If I’m praying the Luminous Mysteries I begin, for the first mystery, with the Baptism of Jesus. I announce this mystery and then pray a decade, that is ten, Hail Mary’s. What I am doing is joining my spirit, my mind, and my physical being to the baptism of Jesus in the Jordan River two thousand years ago. My goal, with the Rosary, is to meditate on that scene, while I pray, while I move the beads, and while I aspire to be like Jesus, and his mother, who said, “Yes,” to God and changed the world.
I’ve tried, and it works, and it blew my mind.
And the incredible thing about Catholic prayer, which I’d never heard of in my Protestant circles, is that I can pray with certain intentions. The Rosary is meant to work this way, too. As I begin to pray a later Luminous Mystery, maybe the fourth mystery, the Transfiguration, I can begin that decade of the Rosary with those prayers for the intention of, say, my life to be transfigured to reflect, more clearly, that of Jesus Christ. As I then go about praying ten Hail Marys, reflecting on the scene of Jesus’s glorious Transfiguration, the words I’m saying, the position of my prayerful spirit, is towards the intention of praying for transfiguration in my own life.
Each decade of the Rosary ends with the Gloria Patri. Each mystery begins again with the Lord’s Prayer.
I said it was a bit complicated, right? Well it is. What surprised me was how quickly I could memorize all twenty mysteries, and the rotation of the prayers. Are you still following?
Dr. William Marshner, a Catholic convert from Lutheranism and a professor of theology, remarked in an interview that it’s easy to be overwhelmed, to be blown away, by Catholic prayer traditions. There are lots of them, from thousands of years of tradition. That’s a good thing, to be sure, but it’s overwhelming too. For the Rosary alone there are likely thousands of ways to pray and reflect on the mysteries. The way I’ve described is one way I’ve learned and when I learned it I thought, “I need to share this!” Because it’s amazing.
Yes, there is the stuff of Marian theology in the Rosary and, yes, it’s something to be overcome and, God willing, fully understood, but at it’s core I’ve learned that the Rosary is a wholly Christ-centred practice in so much as Mary, the Mother of God, always points directly to Jesus. In so much as the bulk of the Rosary, the point of its meditations, is like an incredible living Bible study. While it’s certainly true that many, maybe most, Catholics don’t know their Bible as well as evangelical Protestants do there’s deep Bible study in the Rosary.

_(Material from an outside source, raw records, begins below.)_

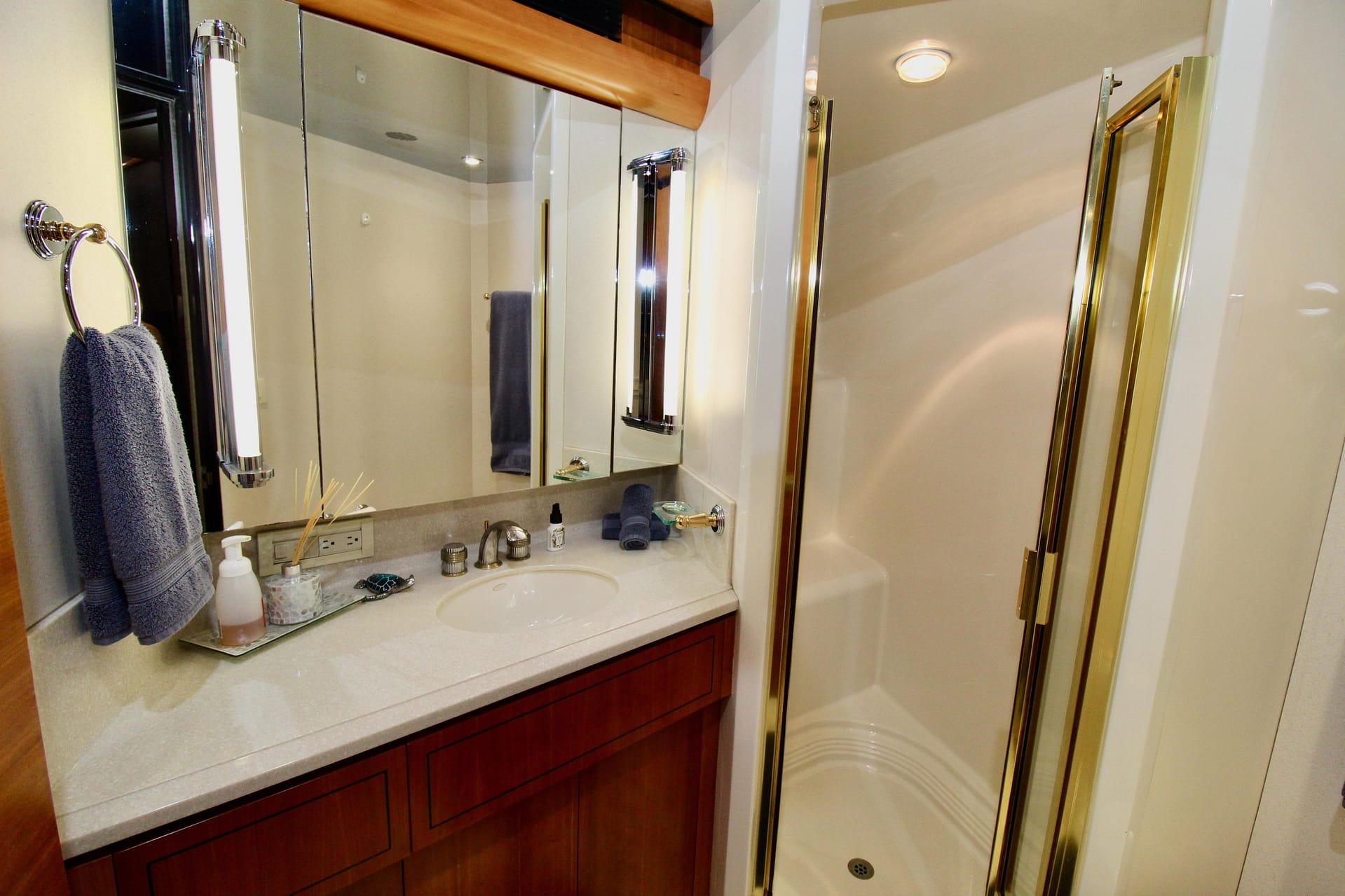 The main salon exudes comfort with custom leather furniture and leather upholstered valances surrounding a large coffee table, perfect for gatherings. Entertainment includes a Pioneer 45″ plasma-screen television on a high/low electric lift, while a sleek wet bar with a black Kohler sink and custom wine glass display cabinet cater to social needs. Custom artwork adds a personal touch. Nearby, the conveniently located day head features a black granite vanity with an under-mounted white porcelain sink and gold inlay. In the dining area, a custom walnut burl tabletop dining table is complemented by 8 chairs, offering the perfect setting for enjoying memorable meals.
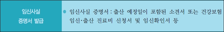 1. 임신사실 증명서를 발급 받습니다. 임신사실 증명서는 출산 예정일이 포함된 소견서 또는 건강보험 임신 출산 진료비 신청서 및 임신확인서 등을 말합니다.
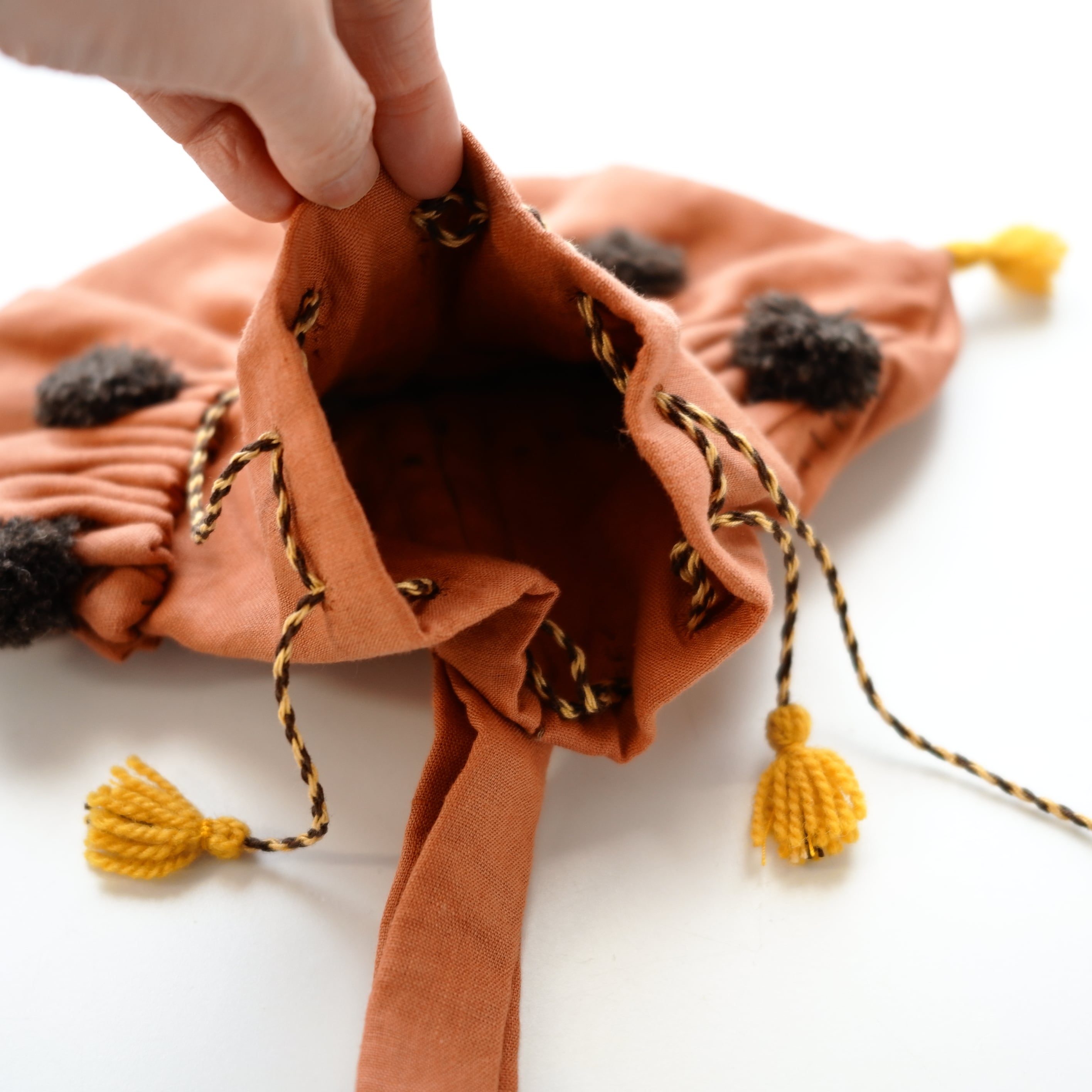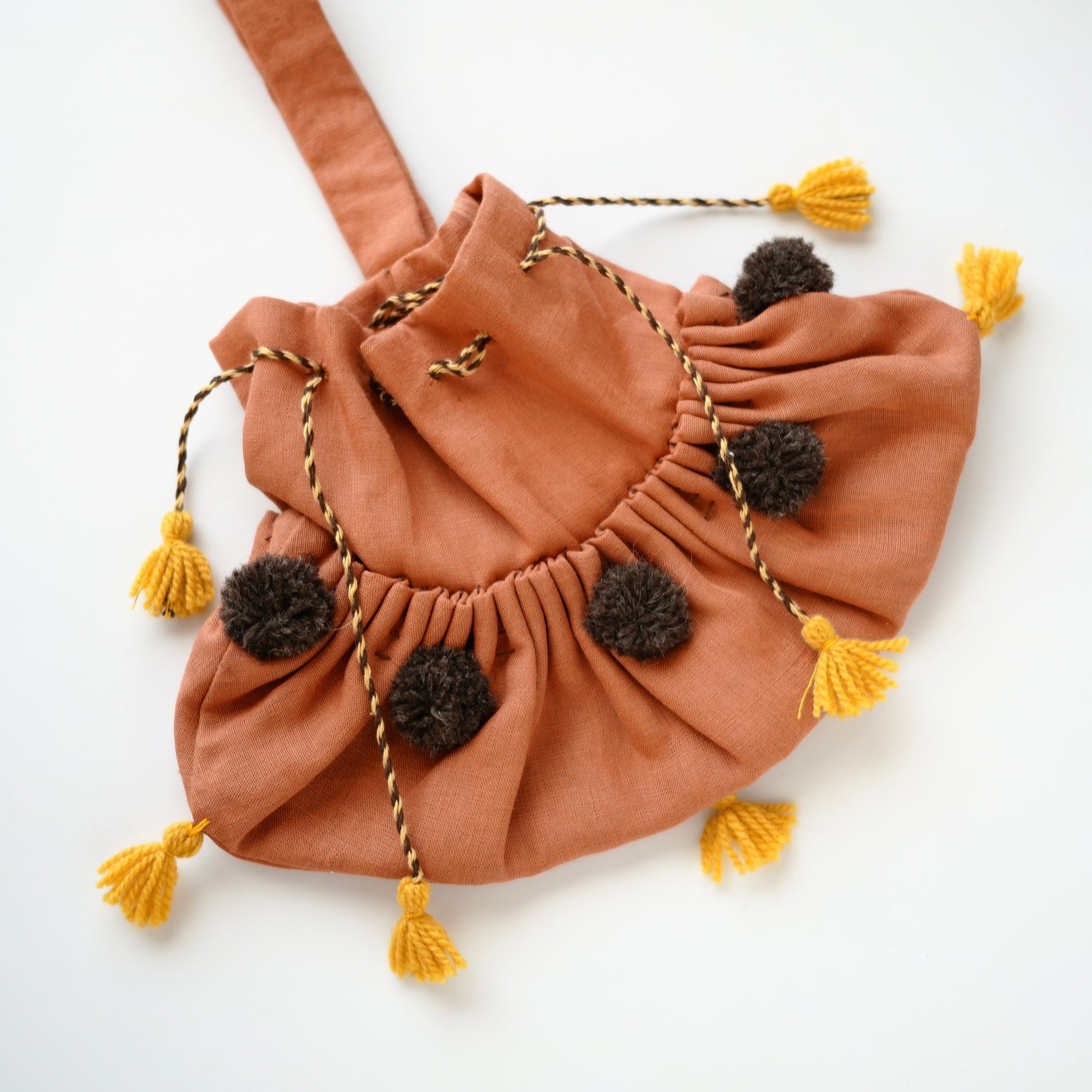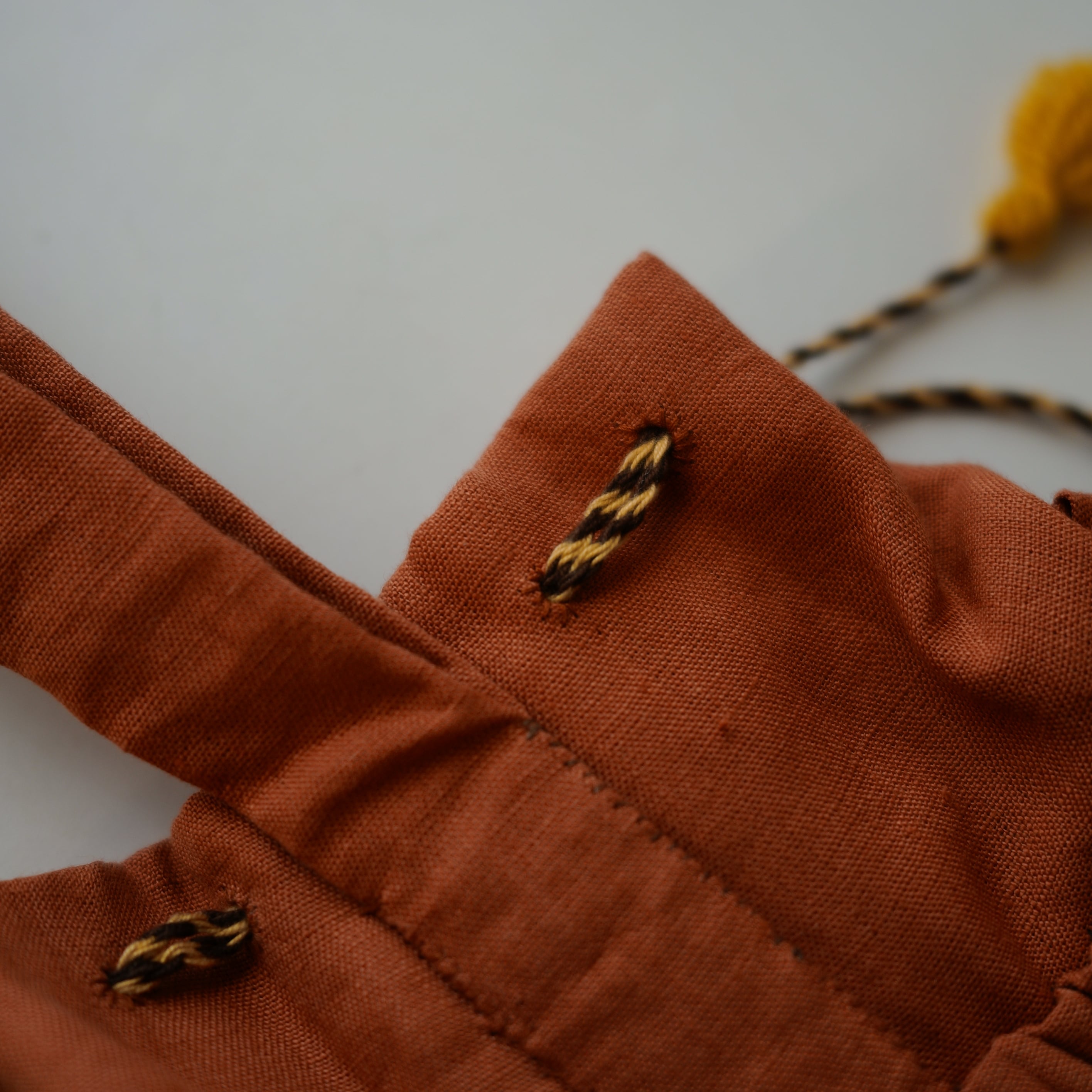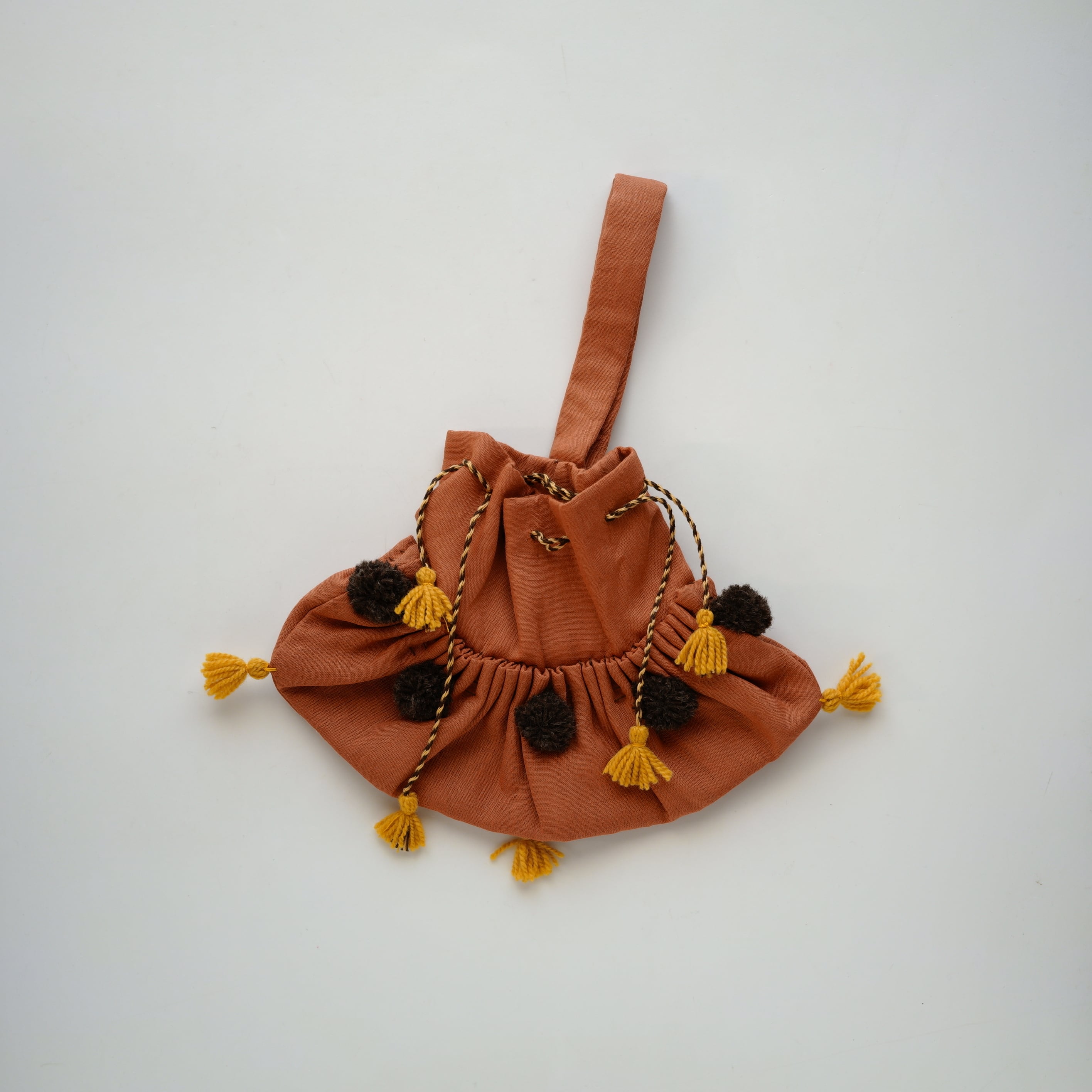やわらかな布地にたっぷりと寄せられたギャザーと、ひと針ひと針手縫いで仕上げられたディテールが魅力です。ステッチや紐まわりにも手仕事ならではの表情があり、素朴であたたかみのある風合いを楽しめます。
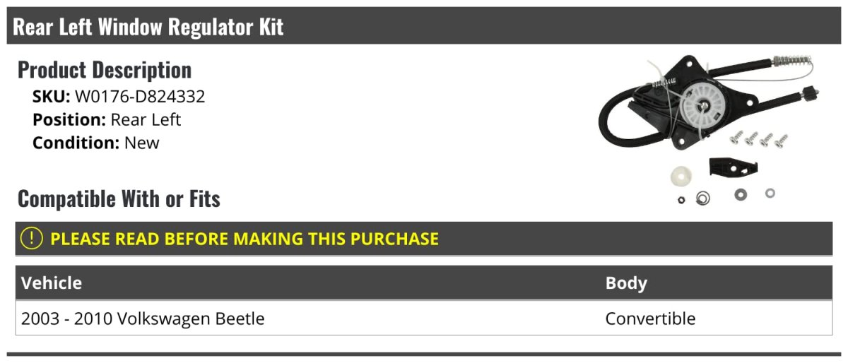 - Rear Left Driver Side Window Regulator Kit For 2003-2010 Volkswagen Beetle Convertible
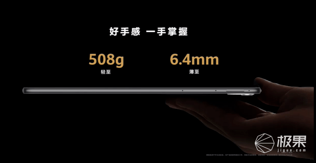 整机厚度低至6.4mm 轻至508g ,体感克重同挡位最轻,可以说是十分轻巧便携。
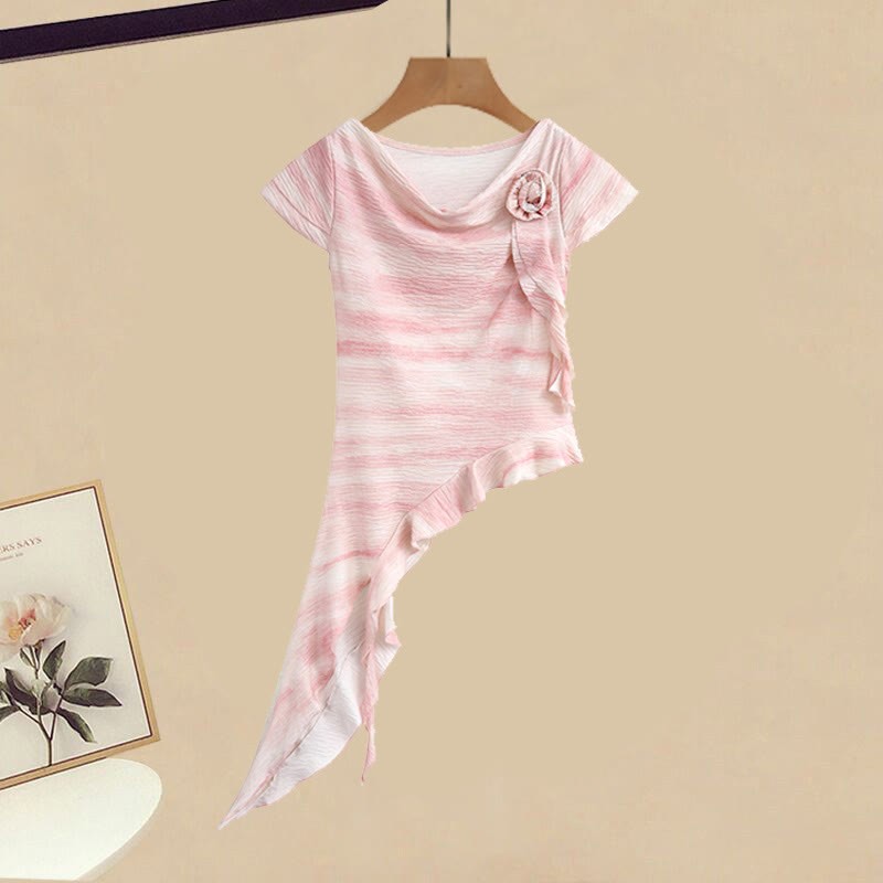 Skirt Waist Print Sweet Pleated High T-Shirt
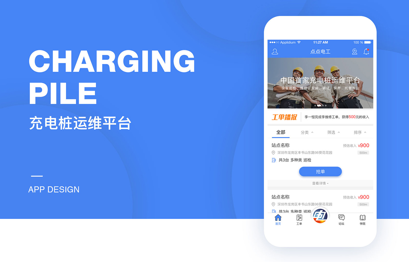 通過(guò)手機APP,實(shí)時(shí)發(fā)送電樁故障。通過(guò)手機定位的方式,將巡檢、維修的任務(wù)派送給附近的工程師,工程師通過(guò)APP進(jìn)行接單、搶單任務(wù),故障維修完成后,有充電樁運營(yíng)商、設備生產(chǎn)商經(jīng)過(guò)實(shí)地驗收,測試故障已排除,設備運行正常,通過(guò)點(diǎn)點(diǎn)電工后臺進(jìn)行確認,工程師即可獲得相應的報…

As we ask Mary, in her special role, to pray for us. As we mediate on the seminal events in the life of Christ and His Church. As we slip the beads through our fingers and find that quiet, contemplative rhythm, we orient our whole selves and our whole lives towards the will of God and prayerful life in Jesus Christ. That sounds good to me—that sounds incredible to me—and, like learning about the Eucharist, when I learned the real deal about the Rosary it blew my mind.